Howard Robinson from the Road Surface Treatments Association (RSTA) wants the government to provide extra funding for road repair and maintenance.
This follows the wettest winter since 1766 with the Met office confirming that England and Wales endured 435mm (17.1inches) of rainfall from 1 December to 24 February.
The impact on the road network has been considerable with local authorities having to dig deep into ever decreasing budgets to find the funding for repairs. The cost of repairing Surrey’s roads and bridges is estimated to be £12.5m while Hereford County Council estimates it will cost £2.85m and
Worcestershire County Council has ring-fenced £700,000 for repairs.
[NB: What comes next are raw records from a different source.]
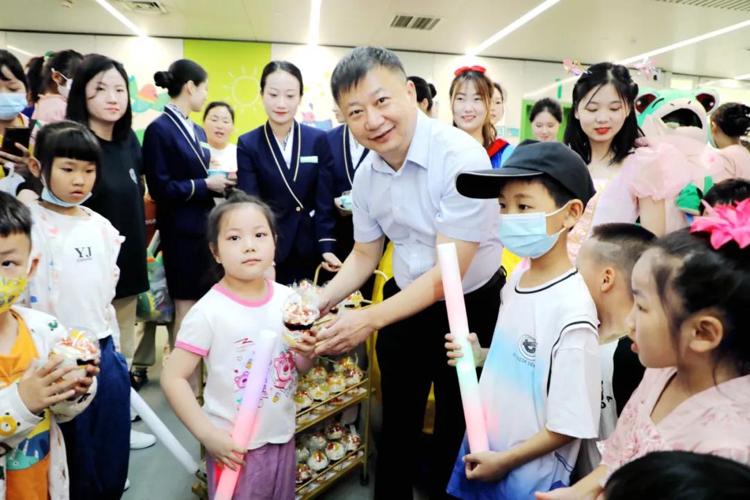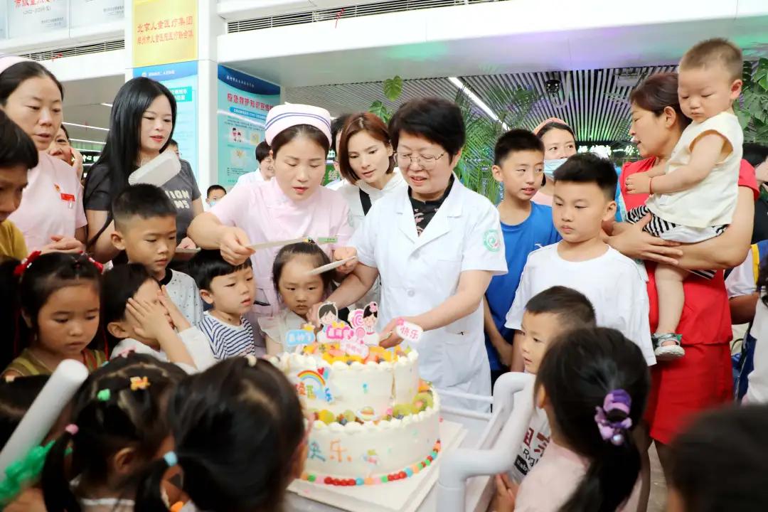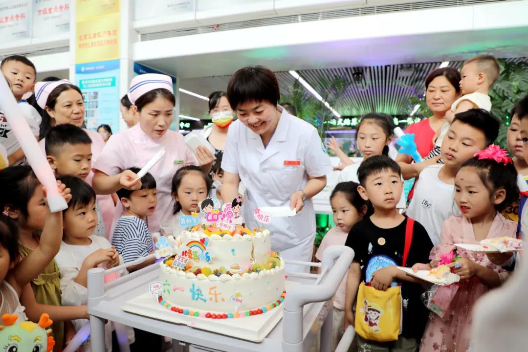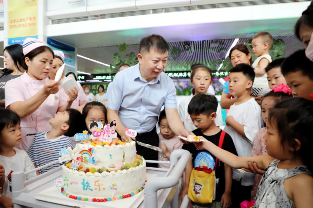 在門診大廳,黨委書記魏松、院長(zhǎng)王瑾與兒科專家、護(hù)士長(zhǎng)、孩子們一起切下節(jié)日蛋糕,并代表全院醫(yī)護(hù)人員對(duì)孩子們表示衷心的祝福,希望孩子們健康快樂成長(zhǎng)。現(xiàn)場(chǎng),醫(yī)護(hù)人員化身白雪公主、花仙子、小黃人、網(wǎng)紅青蛙與小朋友們熱情互動(dòng),友好交流,派發(fā)精心準(zhǔn)備的節(jié)日禮物。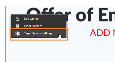 To make a module editable in TigerGenius, select it followed by the TigerGenius Settings option from the fly-out menu.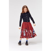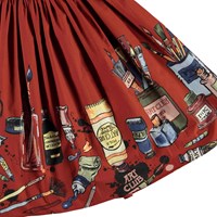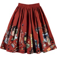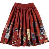 Bree is a long, dark red poplin skirt with a print of brushes and paint tubes. The skirt has an elastic waist and has a voluminous skirt.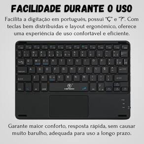 Teclado bluetooth premium para samsung s10 fe 10.9 x520 x526 Cor: preto imagine a liberdade de trabalhar por até 40 horas ininterruptas, com apenas uma recarga de 1 hora e meia com o k-690, isso é possível. Seu design recarregável via entrada tipo c assegura que você esteja sempre pronto para a ação. facilitando cada toque em português, o k-690 é equipado com as essenciais teclas 'ç' e '', tornando a digitação uma experiência fluida e eficiente. Seu layout ergonômico e teclas bem distribuídas garantem conforto e precisão em cada movimento. para conectar-se, basta ligar o teclado e pressionar as teclas fn + c, então procure pelo bluetooth com o nome keyboard em seu dispositivo e conecte-se instantaneamente. Compatível com windows, android, ios e macos, o k-690 é o parceiro perfeito para todas as suas necessidades digitais, onde quer que você esteja. leve, com um alcance de 10 metros e transmissão sem fio, o k-690 é fácil de transportar e pronto para te acompanhar em qualquer aventura digital. Seu design ergonômico e teclas silenciosas tornam-no a escolha ideal para uso prolongado, seja no escritório, em casa ou em viagens. ------------------ Atenção ------------------ Teclado compatível com diversos sistemas via bluetooth Para conectar o teclado no seu dispositivo, o teclado precisa estar ligado, e aperte as teclas '' fn + c ''e no seu dispositivo procure o bluetooth com o nome ''keyboard'' e conectar. ------------------ ------------------ qual é a distância operacional do teclado R: o teclado opera a uma distância de até 10 metros, proporcionando liberdade sem fio para uma experiência de digitação flexível. quanto tempo leva para carregar a bateria R: o tempo de carregamento do teclado é de 1 hora e meia, garantindo recargas rápidas para manter você produtivo. o teclado k-690 possui teclas especiais ou funções adicionais Sim, suas teclas incluem os caracteres especiais 'ç' e '', tornando-o ideal para usuários que necessitam digitar em português. Além disso, o trackpad integrado facilita a navegação e o trabalho sem o uso de um mouse externo. quais dispositivos são compatíveis com o teclado R: é compatível com dispositivos bluetooth, incluindo smartphones, tablets e outros dispositivos habilitados para bluetooth, desde windows, android e ios ------------------ Especificações ------------------ Alcance de 10 metros. Recarregável via entrada tipo c. Transmissão sem fio. Design ergonômico. Teclas silenciosas. Horas de trabalho: 40 horas. Tempo de recarga: 1,5 horas. Compatível com windows, android, ios e macos. Peso: 283g. ------------------ Conteúdo ------------------ 1x teclado com touchpad Anúncio referente a teclado Acessórios que ambientam as fotos não inclusos. ------------------ Apresentação: ------------------ - qualidade garantida. - atendimento qualificado. - enviamos para todo o brasil. - compra garantida. - despachamos em até 1 dia útil após confirmação do pagamento Garantimos a devolução por arrependimento em até 7 dias, após o recebimento e de 15 dias contra defeitos de fabricação. Homologação Anatel: 079902113999

RSTA chief executive Howard Robinson said: “The impact of the widespread flooding on the road network is considerable and will only become really apparent as the flood waters subside. The road foundations will have been undermined whilst the road surface will be damaged.
“Highway budgets are already severely stretched with current funding levels being inadequate to fulfil current road maintenance programmes let alone the unprecedented flood damage. Local authorities will struggle to find the resources for this additional financial burden. The government must make funding available for flood repairs.”
In response to the flooding, the government has announced a series of flooding resilience studies into the UK’s transport network.
“These studies must examine the flood resilience of our road network and provide councils with the support that they need to ensure correct levels of maintenance,” adds Robinson.